“You know, mother, I couldn’t,” he cried, as if there had been a physical impossibility.
“Why, dear child. How did you bear their horrid cruelty?”
“I thought it could not be so bad as it was for the forty soldiers on the Lake. Dear grandmamma read us the story out of a little red book one Sunday evening when you were gone to Church. They froze, you know, and it was only cold and nasty for me.”
“So the thought of them carried you through?”
“God carried me through,” said the child reverently. “I asked Him not to let me break His Commandment.”
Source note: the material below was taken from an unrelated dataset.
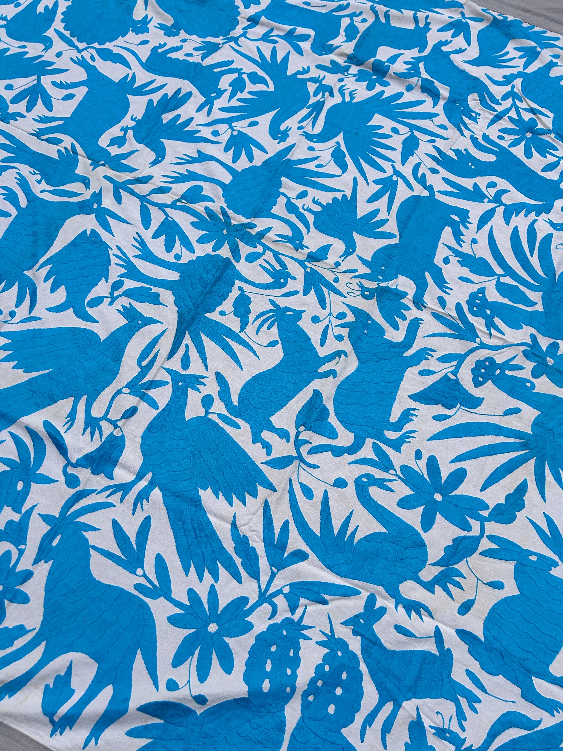 Elegant Mexican Otomi embroidered bedding (84"85") in cian & ivory. Made of cotton-linen, versatile as a tablecloth or wall art. Ready to ship, perfect gift!

Just then the Colonel’s heavy tread was heard, and with him came Mr. Ogilvie, whom he had met on the road and informed. The good man was indeed terribly grieved, and his first words were, “Caroline, I cannot tell you how much shocked and concerned I am;” and then he laid his hand on Armine’s shoulder saying—“My little boy, I am exceedingly sorry for what you have suffered. One day Robert will be so too. You have been a noble little fellow, and if anything could console me for the part Robert has played it would be the seeing one of my dear brother’s sons so like his father.”
He gave the downcast brow a fatherly kiss, so really like those of days gone by that the boy’s overstrained spirits gushed forth in sobs and tears, of which he was so much ashamed that he rushed out of the room, leaving his mother greatly overcome, his uncle distressed and annoyed, and his master not much less so, at the revelation of so much evil, so hard either to reach or to understand.
“I would have brought Robert to apologise,” said the Colonel, “if he had been as yet in a mood to do so properly.”
“Oh! that would have been dreadful for us all,” ejaculated Caroline, under her breath.
“But I can make nothing of him,” continued he, “He is perfectly stolid and seems incapable of feeling anything, though I have talked to him as I never thought to have to speak to any son of mine; but he is deaf to all.”